方形配列アレーアンテナのビーム電力伝送への応用性

〇保坂大貴、高野忠、三枝健二 (日本大学)

(abstract)
多重折り畳みアレーアンテナは、展開/収納比率を大きくでき、かつ2次元 の展開が可能である。さらに 4角形のパネルが基本なのでパラボラアンテナに 比べて、小型衛星・宇宙探査機に応用する場合、装着が容易であることも特長 となる。同じくアレーアンテナの構成として、従来3角配列が用いられてきた。その特長は、グレーティングローブが少ないことである。反面、3角形あるいは6 角形が基本になるので、形状や寸法に制約が生じる。本論文では、方形配列アレーアンテナの形状や放射特性について、ビーム電力伝送の送電
アンテナへ応用する場合を念頭に、3角配列と比較しつつ議論する。

発送電一体型パネル地上評価モデルの開発

〇小川 誠仁,小澤 雄一郎,田中 直浩 ((株)IHIエアロスペース)

(abstract)
 一般財団法人宇宙システム開発利用推進機構は、経済産業省の委託を受けて「宇宙太陽光発電における無線送受電技術高効率化等研究開発事業」を実施している。本事業において、㈱IHIエアロスペースは発送電一体型パネルの地上評価モデルの開発を担当し、その設計を進めている。発送電一体型パネルは、将来の宇宙太陽光発電システムの実現に必要なキーコンポーネントの一つであり、太陽電池による発電機能、発電によって得られた電力をマイクロ波に変換する機能、そのマイクロ波を放射する機能、内部の状態をモニタする機能等から構成される。本発表では、その開発概要および進捗状況、今後の計画について報告する。

長距離大電力マイクロ波送電システムの検討

〇楊波、篠原真毅、三谷友彦 (京都大学)

(abstract)
ニュージーランドにあるビームWPTのベンチャー企業EMRODからの依頼で、長距離大電力マイクロ波無線電力伝送システムを検討した。位相制御マグネトロンの電力合成技術を用いる大電力マイクロ波出力可能なフェーズドアレーを構築する。
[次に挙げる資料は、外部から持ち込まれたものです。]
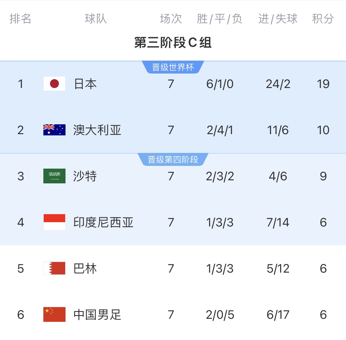 国足上一场0-1客负沙特,本场如果如果再输球,将遭遇18强赛三连败。球队前7轮2胜5负、积6分小组垫底,净胜球-11。今晚若输给澳大利亚,国足将提前2轮无缘前二。

既に完成した位相制御マグネトロンの位相制御は±1°以内を実現しており、高効率電力合成を実現できる。 注入信号から送電ビーム制御に向けた位相調整を行い、大電力の移相器による損失を回避する。本研究では、5.8GHzマグネトロンを16台用いる12kWの送電システムを設計し、大電力マイクロ波送電システムを検討した。実際の実験のためのコスト評価も行っている。
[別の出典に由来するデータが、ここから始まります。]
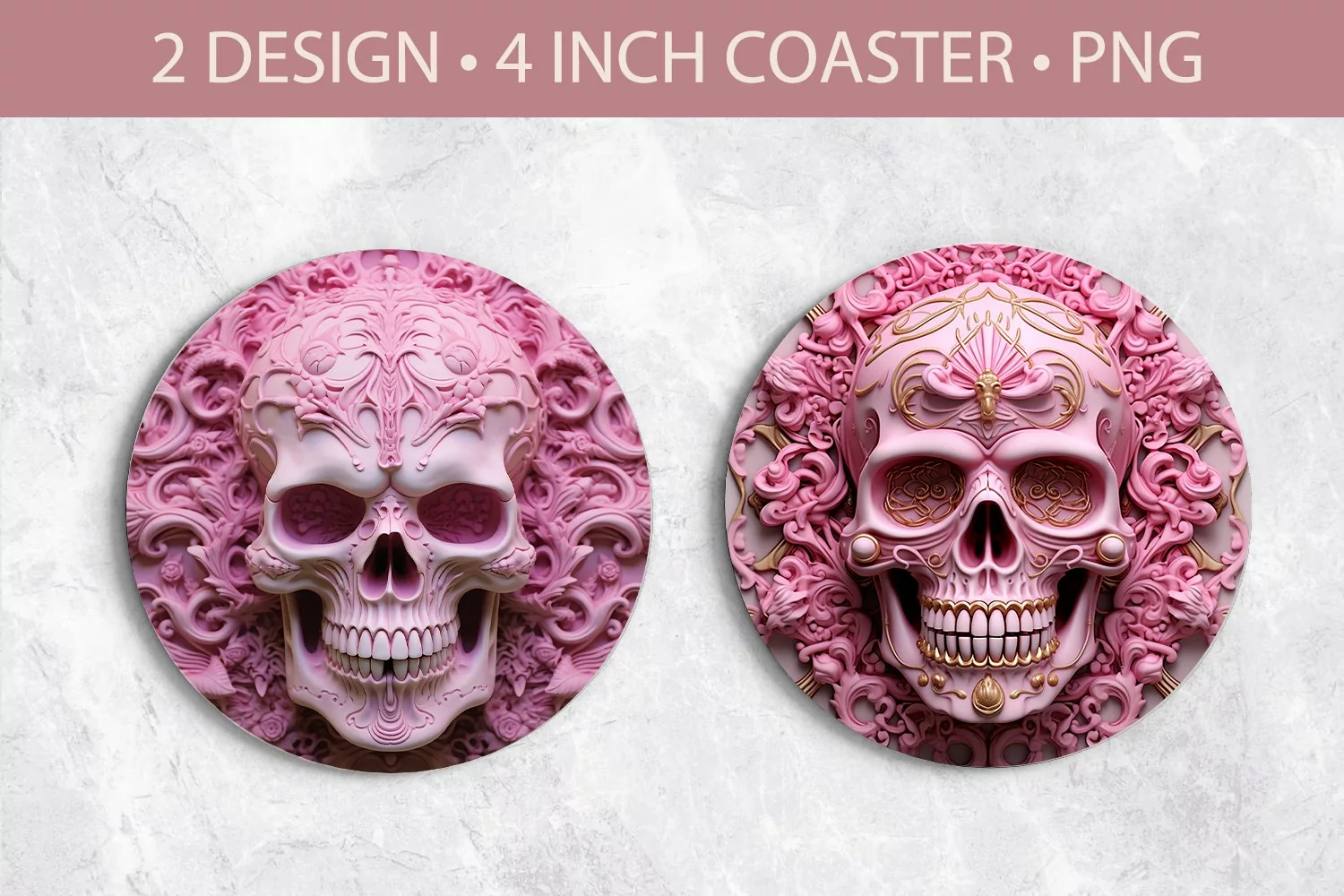 Halloween coaster, pink skull sublimation coaster png example image 1

RF Exposure Assessment of Radiative WPT Transmitter Operating at 5.75GHz

〇Andrey S. Andrenko, Yuto Shimizu, Kanako Wake and Soichi Watanabe (National Institute of Information and Communications Technology)

(abstract)
This work presents the results of experimental study on the RF exposure assessment of high-power radiative wireless power transfer (WPT) transmitter operating at 5.75GHz. The evaluated system is the beamforming 8X8 element phased-array antenna WPT transmitter radiating at EIRP = 70 dBm. 5.75GHz is one of the frequency bands proposed for the practical application of RF WPT systems for wireless power supply to industrial sensors and robot devices in indoor factories and warehouses. Possible presence of humans within the use areas requires the accurate assessment of human body RF exposure and confirmation of specific absorption rate (SAR) as basic thermal restriction and E-field strength as reference level to the safety guidelines. At the first stage of RF assessment, 2D E-field measurements have been carried out at both reactive near-field and far-field zone distances from the transmitter antenna. The cases of antenna beamforming radiation and operation without beamforming have been considered. The obtained E-field distributions illustrate the location of antenna side-lobes in addition to the main beam. The maximum recorded E-field strength values have been compared to the human safety national guideline. Next, SAR measurements of RF WPT transmitter under test have been carried out with the standard elliptical flat phantom. SAR distributions have been obtained for the cases of main beam incidence and side-lobe incidence to the phantom. The maximum recorded SAR values have been compared to the latest ICNIPR 2020 safety guidelines.